Majelis Hakim Pengadilan Agama Lubuk Pakam, Sumatera Utara, mengabulkan gugatan cerai Wardatina Mawa terhadap Insanul Fahmi. Putusan itu sekaligus menetapkan hak asuh anak berada di tangan Mawa, sementara Fahmi tetap berkewajiban memenuhi sejumlah nafkah.
Pengacara Mawa, Muhammad Idrus, menyampaikan bahwa majelis hakim juga memutuskan nafkah anak sebesar Rp3 juta. Selain itu, Fahmi diwajibkan membayar nafkah idah Rp30 juta dan nafkah mutah Rp46,2 juta.
| Komponen Putusan | Nominal | Keterangan |
|---|---|---|
| Nafkah anak | Rp3 juta | Wajib diberikan Insanul Fahmi |
| Nafkah idah | Rp30 juta | Bagian dari putusan majelis hakim |
| Nafkah mutah | Rp46,2 juta | Bagian dari putusan majelis hakim |
Menurut Idrus, angka nafkah anak yang diputus hakim jauh di bawah permohonan pihak Mawa. Ia menjelaskan bahwa pihaknya semula meminta nafkah anak sebesar Rp30 juta, namun yang dikabulkan hanya Rp3 juta.

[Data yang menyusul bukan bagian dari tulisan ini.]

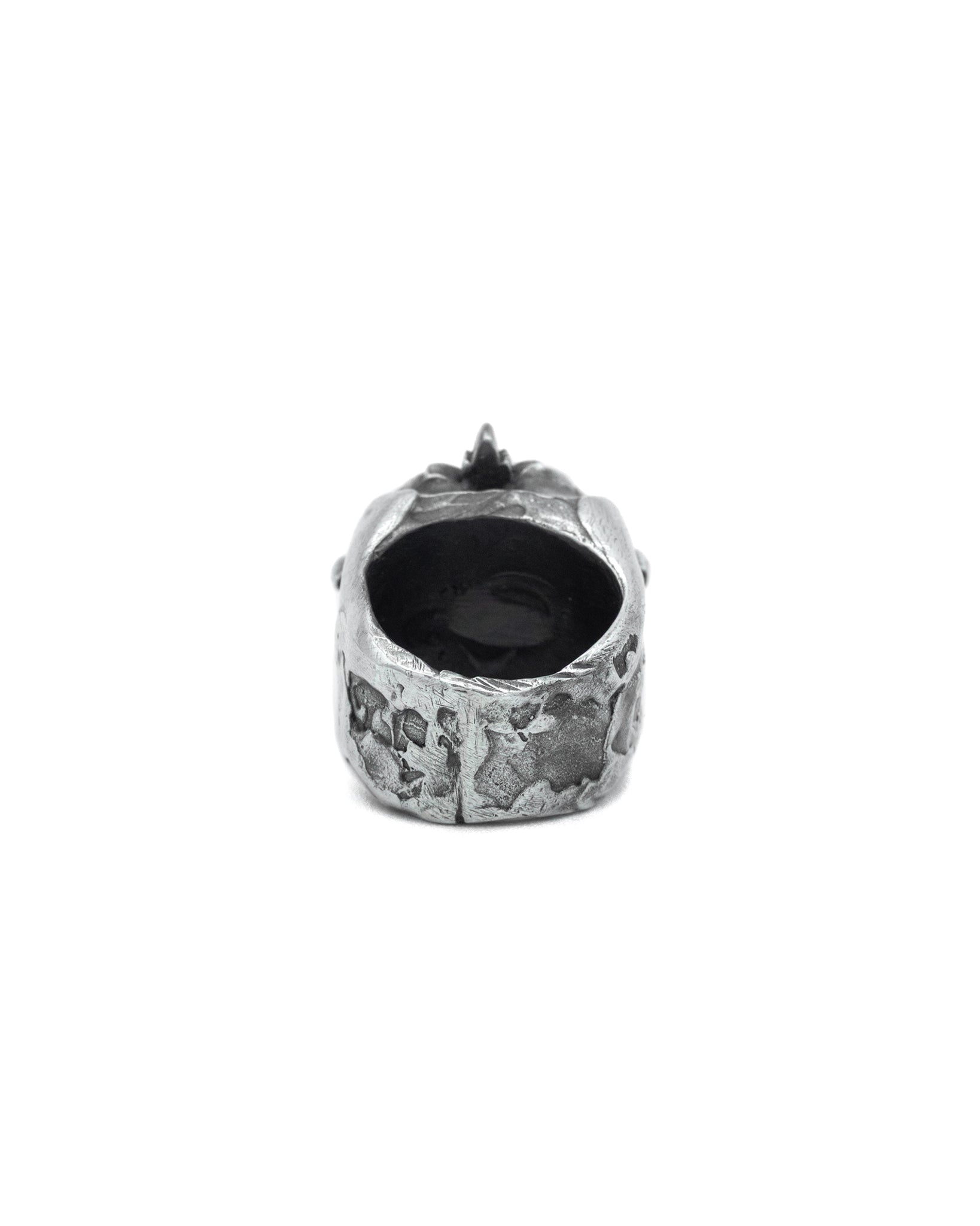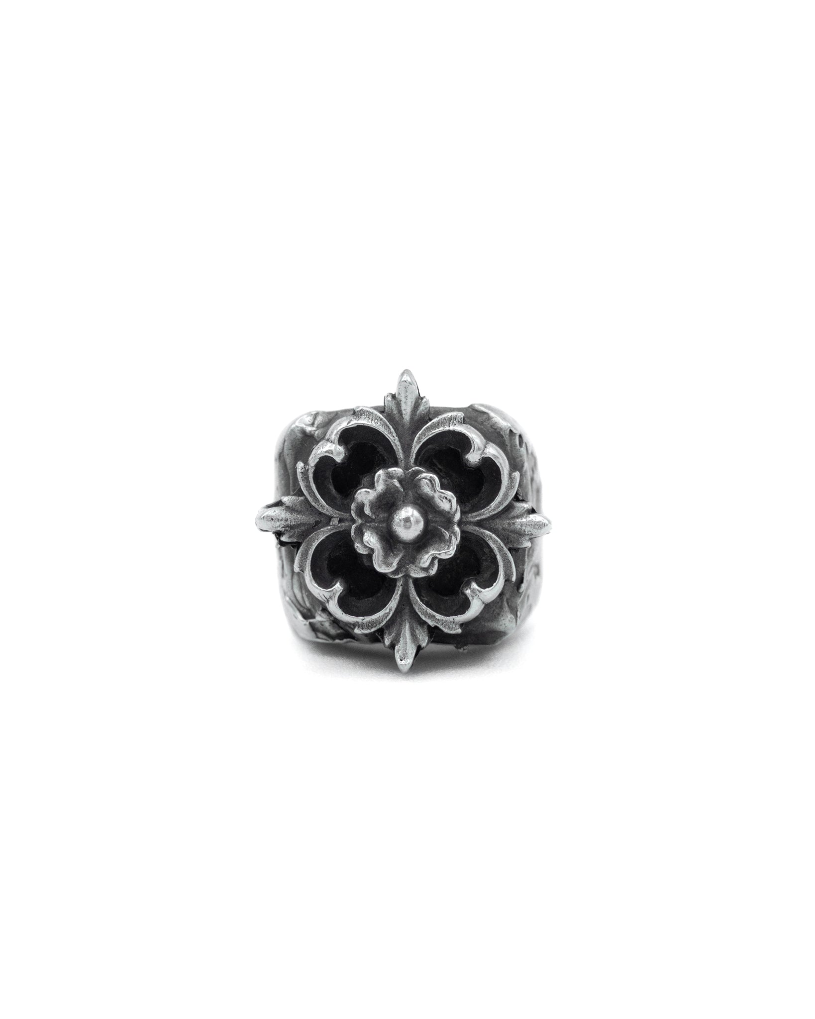 Heavy Square Signet Ring with Blooming Flower Logo and Distressed Texture

Terkait hak asuh, Idrus menuturkan bahwa keputusan tersebut sebenarnya sudah menjadi kesepakatan sejak proses mediasi. Ia juga menegaskan bahwa Insanul Fahmi tetap dapat bertemu dengan anak-anaknya tanpa persoalan pembagian waktu bersama anak.
Perceraian ini menutup rumah tangga Mawa dan Fahmi setelah tujuh tahun menikah. Keretakan hubungan mereka mencuat setelah Insanul Fahmi menikahi Inara Rusli tanpa sepengetahuan Mawa.
Sebelumnya, Mawa sempat melaporkan Insanul Fahmi dan Inara Rusli ke polisi dengan tuduhan perzinaan. Putusan pengadilan kini memberikan kepastian hukum atas perceraian itu, sekaligus mengatur hak asuh dan kewajiban nafkah yang harus dijalankan setelah pernikahan berakhir.